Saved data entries

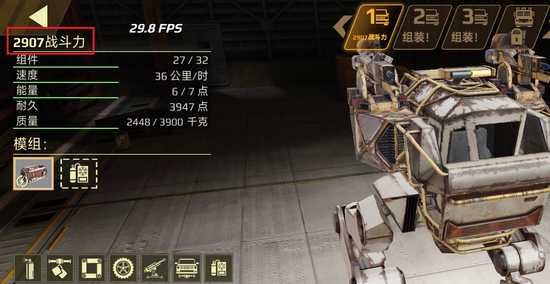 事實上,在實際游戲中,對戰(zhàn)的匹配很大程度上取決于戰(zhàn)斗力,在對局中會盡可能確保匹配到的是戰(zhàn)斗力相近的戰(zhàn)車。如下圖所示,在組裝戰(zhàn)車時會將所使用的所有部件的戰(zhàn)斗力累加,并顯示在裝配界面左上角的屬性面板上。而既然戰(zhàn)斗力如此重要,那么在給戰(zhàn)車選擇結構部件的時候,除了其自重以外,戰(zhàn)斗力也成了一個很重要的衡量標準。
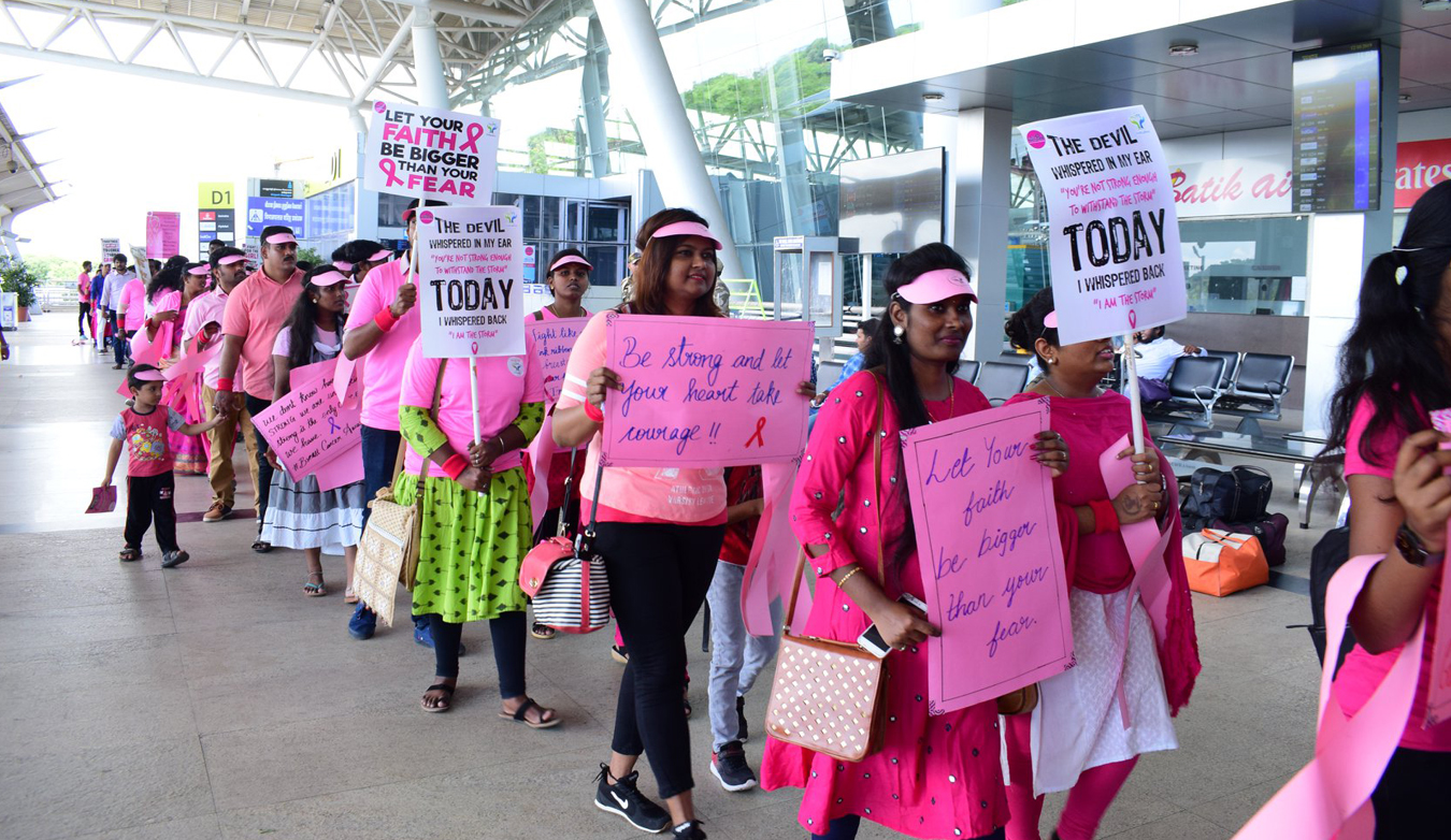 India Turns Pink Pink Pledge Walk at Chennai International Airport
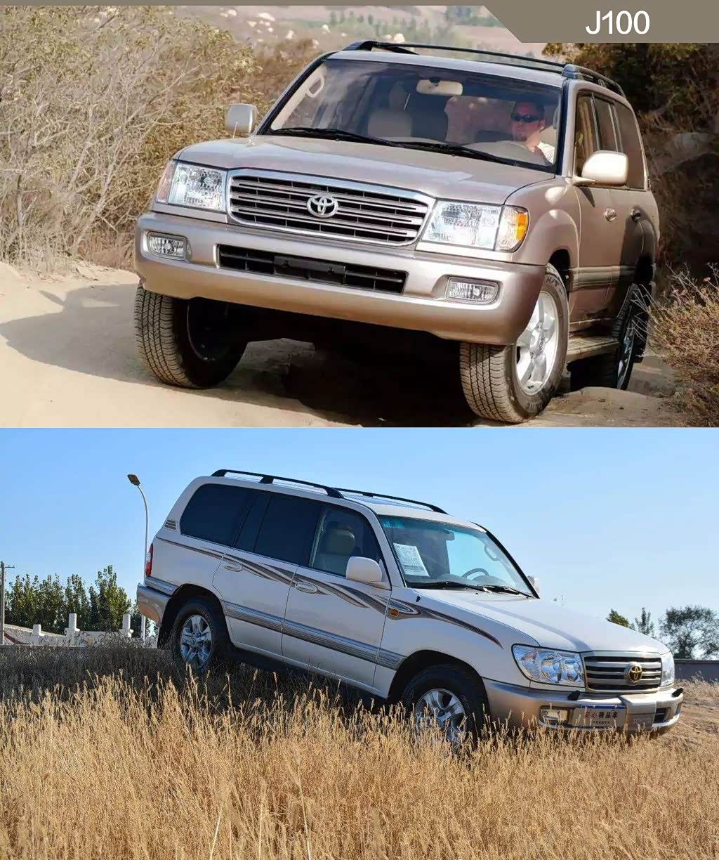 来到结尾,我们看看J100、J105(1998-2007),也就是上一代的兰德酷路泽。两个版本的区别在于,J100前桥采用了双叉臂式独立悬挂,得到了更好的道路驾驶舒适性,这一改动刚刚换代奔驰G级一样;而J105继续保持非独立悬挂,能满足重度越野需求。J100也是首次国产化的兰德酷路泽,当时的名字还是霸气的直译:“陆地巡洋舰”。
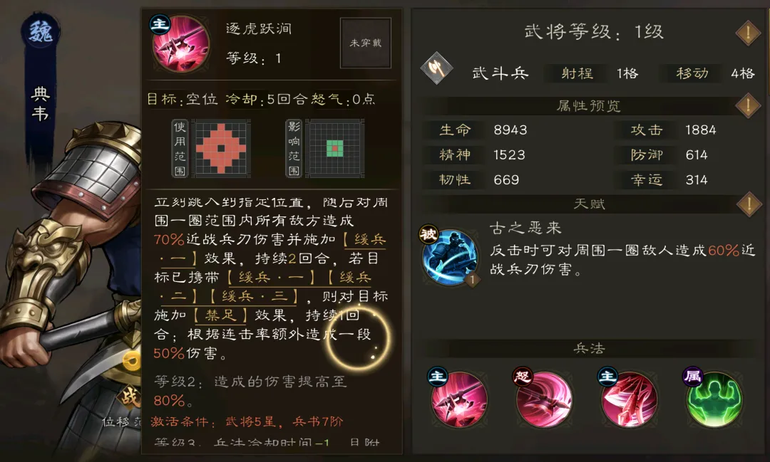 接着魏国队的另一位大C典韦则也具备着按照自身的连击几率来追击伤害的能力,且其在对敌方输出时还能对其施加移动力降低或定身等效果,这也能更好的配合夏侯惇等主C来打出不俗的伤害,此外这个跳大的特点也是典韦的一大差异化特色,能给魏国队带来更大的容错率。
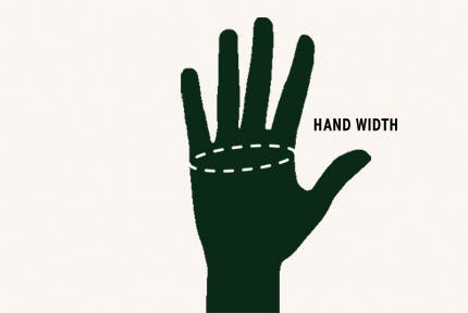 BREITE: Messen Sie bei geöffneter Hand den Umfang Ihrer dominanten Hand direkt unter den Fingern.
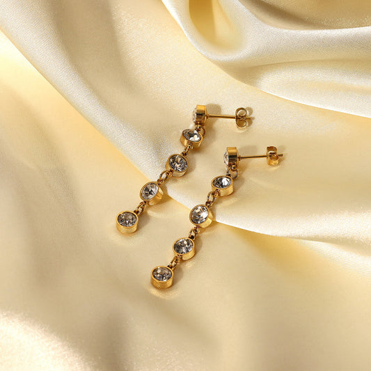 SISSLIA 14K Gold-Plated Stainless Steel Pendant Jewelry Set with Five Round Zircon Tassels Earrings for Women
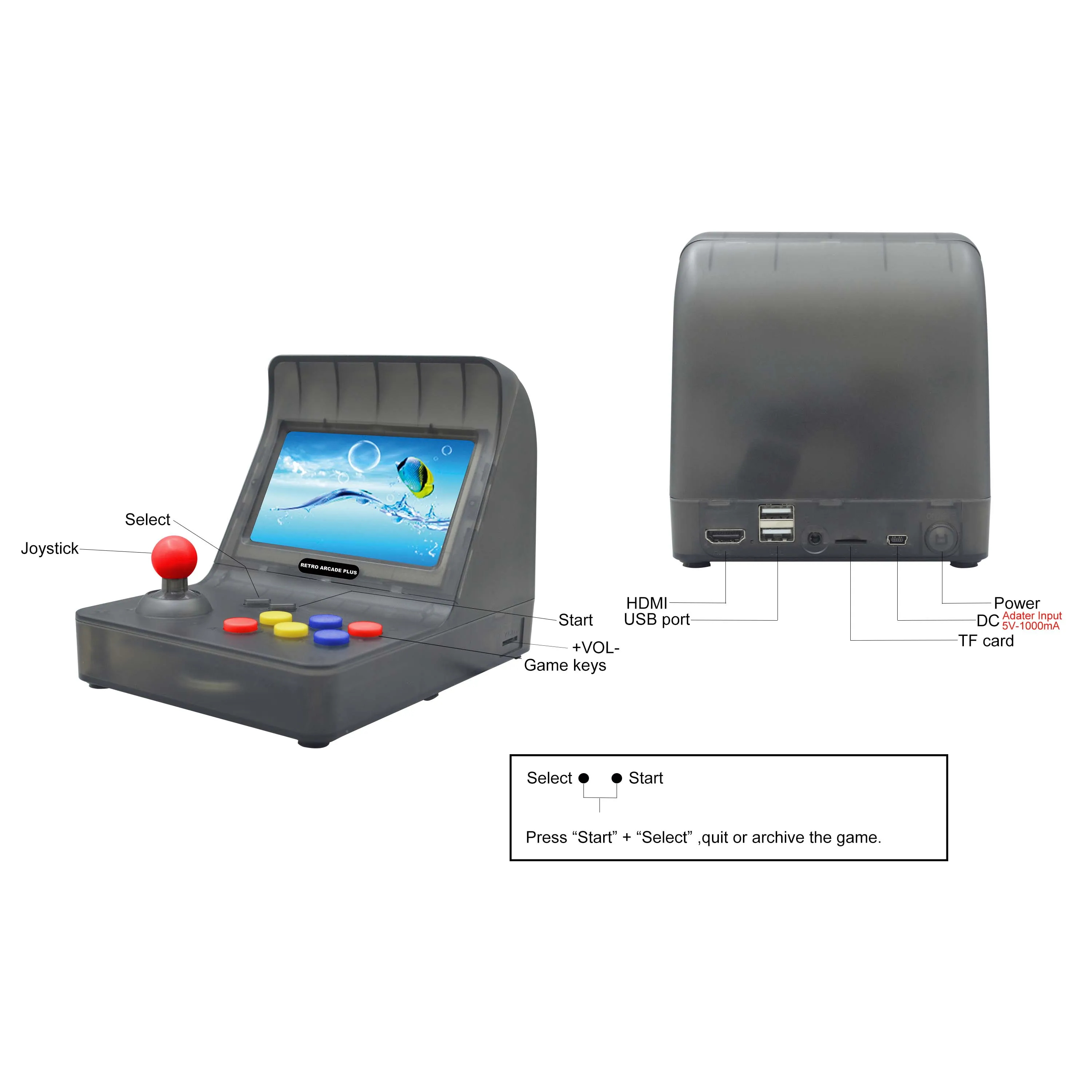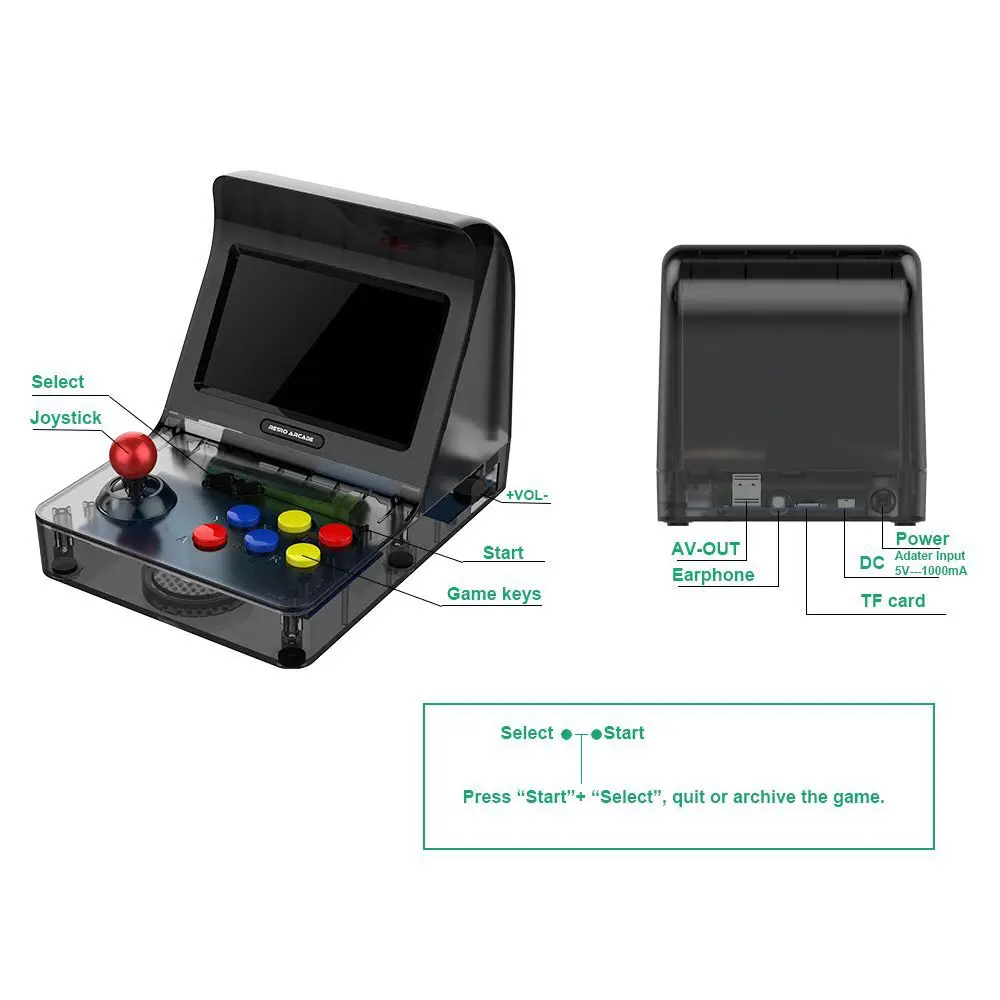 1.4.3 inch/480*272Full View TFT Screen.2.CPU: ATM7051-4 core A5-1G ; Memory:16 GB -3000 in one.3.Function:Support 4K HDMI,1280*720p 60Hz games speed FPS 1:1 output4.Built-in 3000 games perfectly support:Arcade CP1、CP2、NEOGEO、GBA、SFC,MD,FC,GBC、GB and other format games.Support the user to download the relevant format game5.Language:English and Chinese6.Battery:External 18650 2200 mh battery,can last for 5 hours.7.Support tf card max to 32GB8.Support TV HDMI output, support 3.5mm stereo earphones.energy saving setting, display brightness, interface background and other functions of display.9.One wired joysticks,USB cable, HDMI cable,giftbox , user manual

* Directions for this task:
Each line from the beginning of the entries up to and including the one containing "India Turns Pink" must be restated exactly. Pictures are to be left out.

* The completed task:
 事實上,在實際游戲中,對戰(zhàn)的匹配很大程度上取決于戰(zhàn)斗力,在對局中會盡可能確保匹配到的是戰(zhàn)斗力相近的戰(zhàn)車。如下圖所示,在組裝戰(zhàn)車時會將所使用的所有部件的戰(zhàn)斗力累加,并顯示在裝配界面左上角的屬性面板上。而既然戰(zhàn)斗力如此重要,那么在給戰(zhàn)車選擇結構部件的時候,除了其自重以外,戰(zhàn)斗力也成了一個很重要的衡量標準。
 India Turns Pink Pink Pledge Walk at Chennai International Airport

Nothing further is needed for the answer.